She pretended, even to herself, that she believed Philip's account, and only cried in the middle of the night, telling herself that it was because she was over-tired.

Whether or not this last was the cause of her weeping, it was certainly a fact.

With quite irrational self-immolation, she had refused to entrust the care of Kenneth to a trained nurse, and devoted herself to him day and night in a veritable orgy of maternal sacrifice.

Kenneth recovered, although probably less rapidly than he would have done under professional care, and Eleanor fell ill.

She had the fever very slightly, but after a time, she tentatively asked that Lily should be sent for from the convent.

"I must see her once more, Philip."

It was entirely characteristic of Eleanor Stellenthorpe that with all her impassioned idolatry of her favourite child, it never occurred to her that she might spare Lily's sensitive youth an emotional scene such as the one of farewell that she contemplated.

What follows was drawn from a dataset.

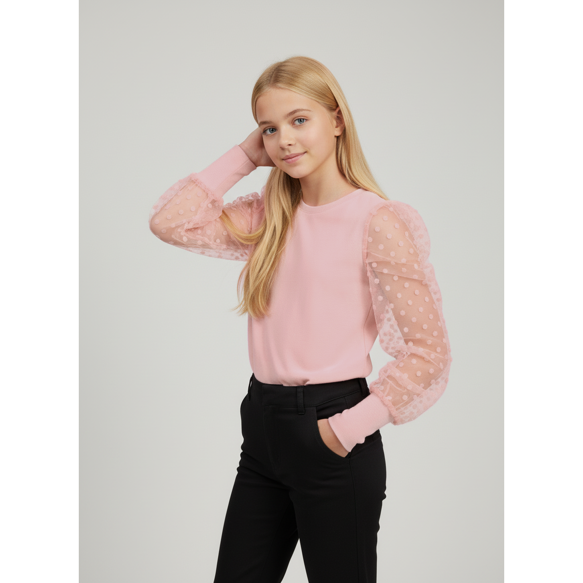 Блузка нарядная кулирка с лайкрой 2020100104 Купить одежду для девочек в Минске. Трикотажная фабрика Юлла предлагает купить детскую одежду оптом от 0 до 12 лет. Скидки постоянным клиентам. Доставка по всей Беларуси. 17.3 руб.

But Philip, although heavy with the sense of impending calamity, and the spoken weight of an unfavourable medical verdict, was incapable of abandoning his life-long endeavour to alter the nature of painful facts by dint of refusing to acknowledge them.

"Don't talk like that, Eleanor dearest," he begged her. "It sounds just a little morbid, and of course you'll be well again by Christmas."

Accordingly, nothing distressing was put into words, and Philip and Eleanor, neither of them inwardly deceived by their spoken denial of despondency, suffered separately and in silence.